“Joseph.” Guru berpakaian rapi itu menyebutkan nama Joseph sebagai siswa dengan esai terbaik. Ilana beredcak, sementara kedua mata Nadine seperti ingin lompat dari tempatnya. Nadine menatap Joseph yang duduk di sebelahnya. Ia jelas tidak menyangka bahwa laki-laki itu bisa menggeser posisinya.
“Dua selanjutnya seperti biasa, ada Nadine lalu Ilana.” kata guru itu lagi.
Semua mata menghujam Joseph selama beberapa saat. Mereka berpikir bahwa mereka akan punya juara kelas baru, yaitu Joseph. Tatapan mereka lalu berhenti pada Nadine juga Ilana yang duduk di bangku paling depan. Mereka semua tahu bahwa persaingan Nadine dan Ilana saja sudah sangat sengit. Kini Joseph sepertinya akan masuk dalam pusara persaingan Nadine dan Ilana yang tidak pernah berakhir.
Sebelah tangan Ilana terkepal kuat-kuat hingga buku-buku jarinya memutih. Ia menghela napas untuk menahan amarahnya yang sudah naik ke kepalanya. Ia tahu ia tidak seharusnya marah. Namun ia tidak bisa mengenyahkan perasaan itu yang datang begitu saja. Tak hanya marah, ia juga sedih dan takut. Menjadi peringkat dua saja sudah buruk baginya, apalagi harus menjadi yang ketiga.
Ilana jelas terpukul mendengar itu. Di saat ia tengah berjuang untuk menjadi yang terbaik di kelasnya, kini ia malah bergeser menjadi posisi ketiga. Setelah semua yang ia lakukan, semua kerja kerasnya, dan segala yang ia korbankan, ia malah terpelanting ke posisi tiga. Ia tidak mengerti apa yang salah dengan dirinya dan apa yang kurang darinya.
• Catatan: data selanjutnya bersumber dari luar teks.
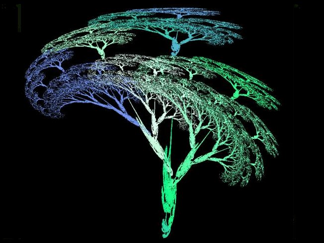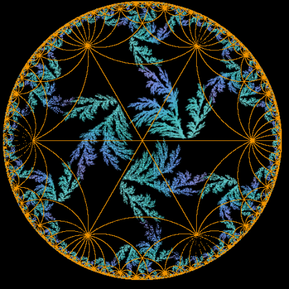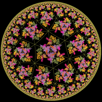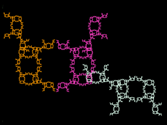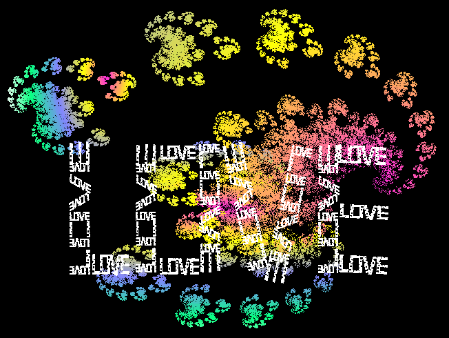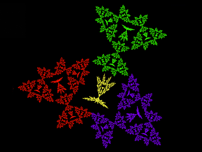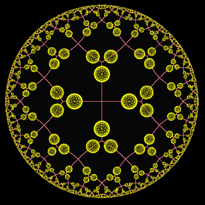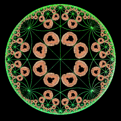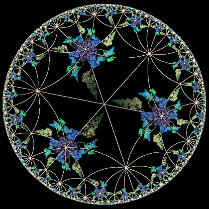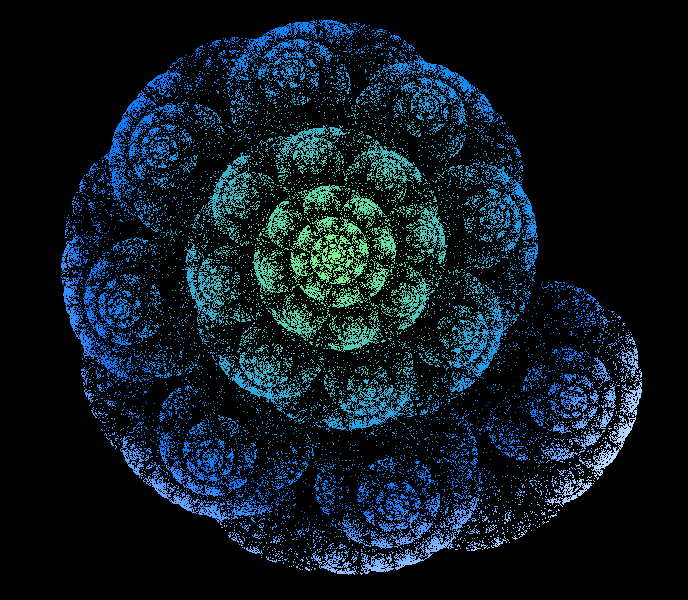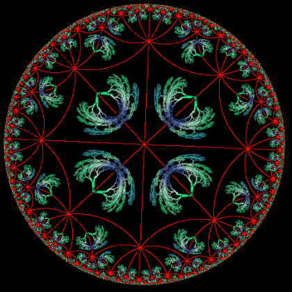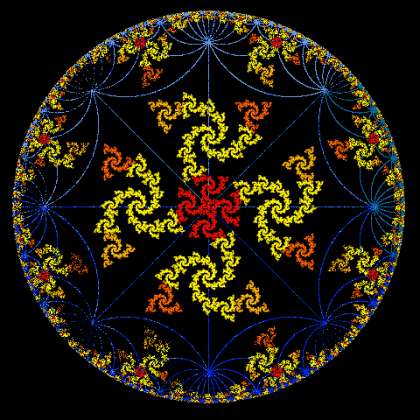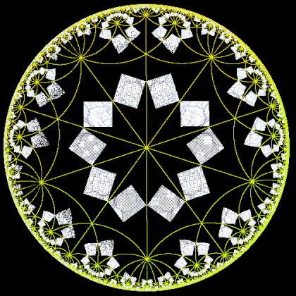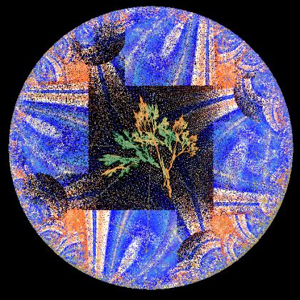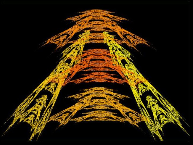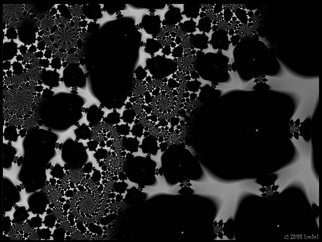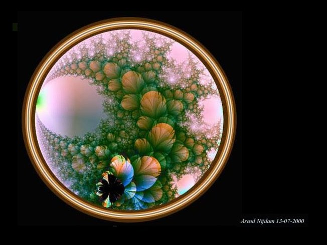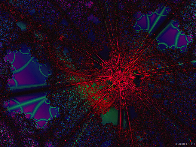 You are in my Fractal Gallery. Here I show the images I like and which I've produced with my own programs or with my camera. There is also a room with images from International Fractal Friends. Free walls in new rooms could be filled with your work. The images are of different fractal types, but you won't find much Mandelbrot-Set pics. I am impressed by the Mandelbrot-Set too, but many galleries are filled with it, so it isn't necessary for me to offer more of those. My favorite type is the IFS-type but I also build Liapunov and Lindenmayer images. Don't miss the Droste Effect. I hope you'll enjoy my images on math and art.

Kekecewaan juga mendera Nadine. Ia tidak pernah menyangka jika kedatangan Joseph ternyata bisa membahayakan posisinya. Ia telah berusaha keras agar melaju lebih jauh dari Ilana, namun kini laki-laki itu datang dan merebut posisinya. Itu buruk, ia tak suka ada di posisi kedua dan ia meyakinkan dirinya bahwa ini adalah yang pertama dan terakhir kalinya. Ia tidak akan lagi lengah. Ia tidak akan memberi laki-laki itu kesempatan untuk kembali mengambil posisinya.
***
“Selamat…” Emma mengatakan itu saat duduk di samping Joseph di koridor lantai satu. Mata pria itu sedang menatap segerombolan orang yang sedang memainkan bola oranye di tengah lapangan. Jari jaraknya, ia bisa melihat sosok Keenan di antaranya.
“Untuk apa?” Joseph bertanya saat melihat Emma duduk di sebelahnya.
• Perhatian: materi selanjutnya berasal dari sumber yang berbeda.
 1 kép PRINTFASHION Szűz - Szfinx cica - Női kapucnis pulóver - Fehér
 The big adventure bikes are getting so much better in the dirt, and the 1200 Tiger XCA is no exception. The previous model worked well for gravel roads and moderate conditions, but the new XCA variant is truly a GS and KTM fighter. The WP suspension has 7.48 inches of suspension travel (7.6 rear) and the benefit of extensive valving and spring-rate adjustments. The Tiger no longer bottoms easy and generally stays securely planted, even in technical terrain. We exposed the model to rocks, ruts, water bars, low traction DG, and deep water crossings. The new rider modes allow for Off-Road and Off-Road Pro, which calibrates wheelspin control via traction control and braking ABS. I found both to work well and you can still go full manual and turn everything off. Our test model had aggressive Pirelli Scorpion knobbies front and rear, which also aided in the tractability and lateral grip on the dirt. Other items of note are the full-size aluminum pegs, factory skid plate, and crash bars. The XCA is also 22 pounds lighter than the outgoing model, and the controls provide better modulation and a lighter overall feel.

“Essai terbaik.” kata Emma sambil terkekeh. Ia tahu bahwa tugas itu tidak pernah benar-benar penting bagi mereka. Tapi ia tahu bahwa tidak bagi Nadine dan Ilana. Semua orang tahu bagaimana keduanya bersaing. Dan kini, ada Joseph, anak baru yang ternyata menggeser posisi Nadine, dan membuat Ilana semakin jauh pada posisi impiannya.
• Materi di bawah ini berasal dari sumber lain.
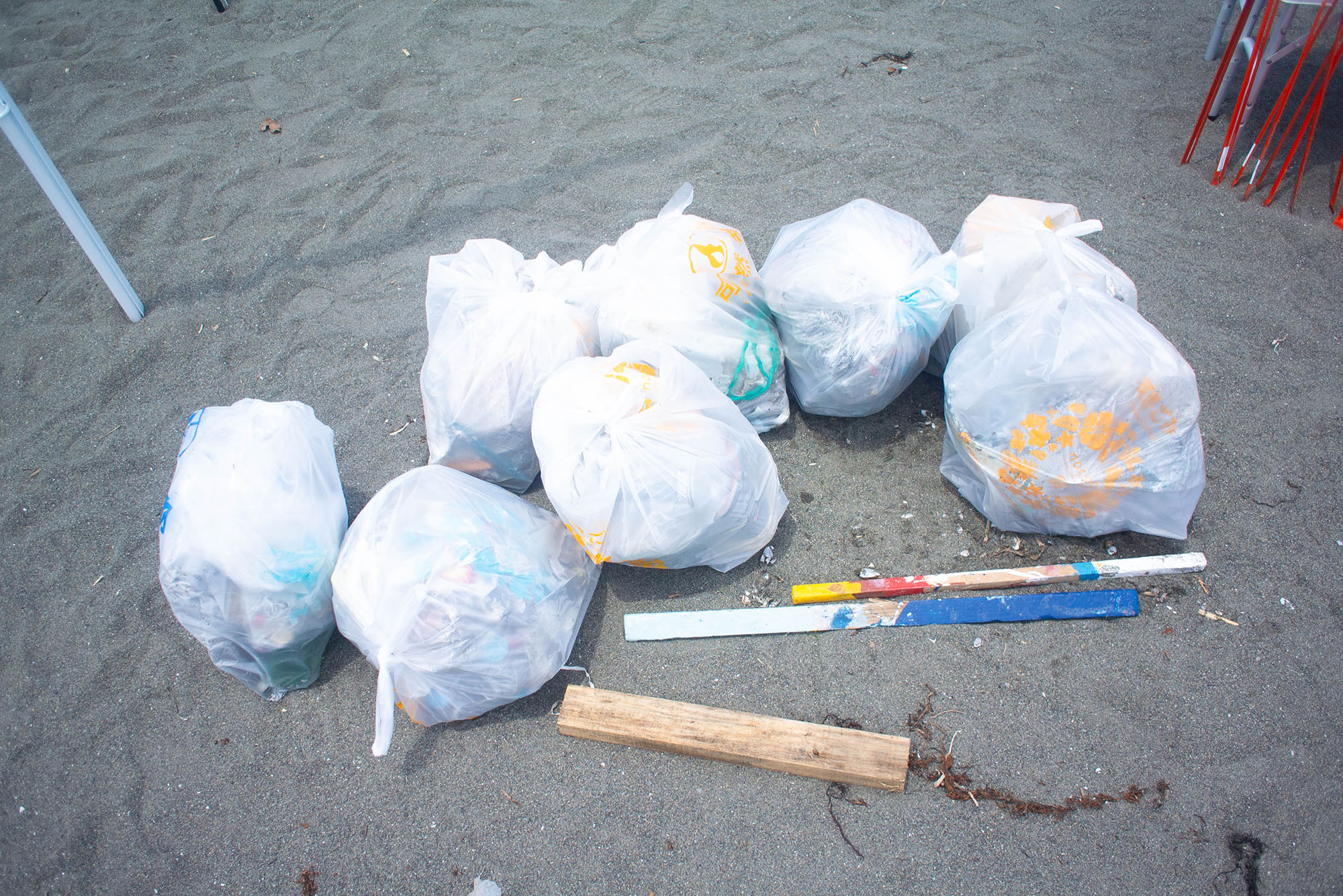 今回のビーチクリーンでは、ペットボトルの回収はありませんでしたがペットボトルは資源として別途回収し、持ち帰り、洗浄・乾燥、圧縮などの準備を行います。Green&Blue Challengeに参加し、再利用された素材からTシャツなどの製作・販売も行っております。

Joseph berdecak, hal itu bukan sesuatu yang harus ia banggakan. Keuda orangtuanya tidak pernah memetingkan nilai. Keduanya orang hanya selalu menginginkan Joseph selalu berbuat baik dan yang penting berbahagia. Kedua orangtuanya cukup menyadari bahwa anak tidak bisa diminta untuk pintar dalam semua mata pelajaran. Tapi Joseph memang dianugerahi kepintaran di atas rata-rata, juga kesukaan terhadap proses belajar. Orangtuanya selalu menganggap bahwa nilai-nilai yang didapatkannya sebagai bonus.
***
Ilana termenung di rooftop sekolahnya. Udara siang itu terik, namun ia membiarkan kulit putihnya memerah karena terkena sinar matahari. Ia duduk di salah satu beton memanjang yang ada di sana. Ia menghirup udara dalam-dalam. Membiarkan angin yang berembus masuk ke paru-parunya.
Ilana tahu bahwa ia tidak bisa bersembunyi. Jadi kini ia tengah mempersipkan diri dengan apa yang akan ia hadapi hari ini. Ibunya selalu tahu apa yang terjadi di sekolahnya, seakan-akan wanita itu memiliki banyak mata untuk mengawasinya. Ilana tidak pernah bisa merasa bebas. Tidak ada yang bisa ia sembunyikan, termasuk nilai-nilainya.
***
Joseph masih duduk dikoridor sekolah bersama Emma saat bola oranye yang sedang diperebutkan di lapangan menggelinding dan berhenti di dekatnya.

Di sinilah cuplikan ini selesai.